The OP is working for a racehorse trainer therefore, when you take horses on the gallops you ride with much shorter stirrups.

Secondly many horses, especially the jumpers (steeplechasers) have quirky characters. They know the routine backwards and generally stop where they are meant to stop. 

As for brCing against pressure, they usually balance against the rider's hands, doesn't mean that they are pulling, or have a hard mouth, just it is the way they are kept at a certain speed. A racehorse doesn't just have to gallop flat out from A to B, especially the jumpers that are distance horses, but to relax into a 'canter' which in racing terms is a steady gallop. 
This is going against their instincts when they really want to go.


----------



## loosie (Jun 19, 2008)

Foxhunter said:


> The OP is working for a racehorse trainer therefore,.


That makes sense then. ;-)



> As for brCing against pressure, they usually balance against the rider's hands, doesn't mean that they are pulling, or have a hard mouth, just it is the way they are kept at a certain speed.


Yeah, understand that. We used to 'hold them in pace' too. Just that op said more she pulled, faster he went & others said that was common.


> A racehorse doesn't just have to gallop flat out from A to B


Yeah, I didn't get to gallop that often, as a lowly trackworker, most was cantering, conditioning work.:icon_rolleyes:


----------



## Foxhunter (Feb 5, 2012)

We had a racehorse come in to be kept in light work. He had been broken as a 2 yr old went into training but was growing so was sent back to us. He was gelded as he was so darn big. Anyone couldmrode him as he was basically energyless! 

He went back into training as a 3 yr old and did well above expectation, he came back to us fprmthe winter and had totally changed. He was a big strong powerhouse and dropped many of the younger workers just fooling around so I was the one to work him each day. Mostly I rode him on his own and when I worked him I worked him like a dressage horse. I had to keep his mind active as he loved to show off especially if passing other horses. 

He went back into training and later ran in the Japan Cup, coming second.
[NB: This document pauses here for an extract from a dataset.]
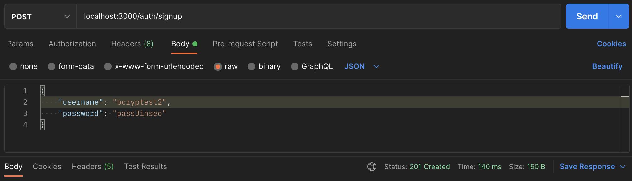 ... import * as bcrypt from 'bcryptjs'; // 1 @EntityRepository(User) export class UserRepository extends Repository<User> { async createUser(AuthCredentialsDto: AuthCredentialsDto): Promise<void> { const { username, password } = AuthCredentialsDto; // bcrypt password const salt = await bcrypt.genSalt(); // 2 const hashedPassword = await bcrypt.hash(password, salt); // 3 const user = this.create({ username, password: hashedPassword }); try { await this.save(user); } catch (error) { console.log(error); if (error.code === 'ER_DUP_ENTRY') { throw new ConflictException('Existing username'); } else { throw new InternalServerErrorException(); } } } }// 1. import bcryptjs module into the repository
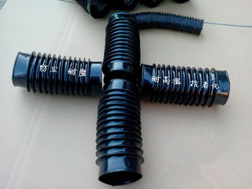 一种是钢圈支撑的丝杠防护罩,此种护罩采用多种面料,内有坚硬的钢丝圈支撑、能在高温110℃、低温-40℃之间正常工作。可有效的防尘、防水、防油、防乳剂和化学药品,此护罩具有外形工整,不易变形的特点,基于它的严密,坚挺,此护罩且可用于众多机械的通风、除尘等。本产品的灵活不但在材料可选,更在于它可以根据的具体要求来确定所需直径和长度。

The winner was an announced pacemaker which was supposed to not make the distance but he kept going! 

Bedtime returned after that trip. He was exhausted with the travel took him a good couple of weeks to feel good. He was even stronger to rode, not in pulling against me but just in himself, he could have won showing. I actually took him to some minor dressage competitions, that was a laugh as they were in an indoor arena and he kept spooking at himself in the mirrors.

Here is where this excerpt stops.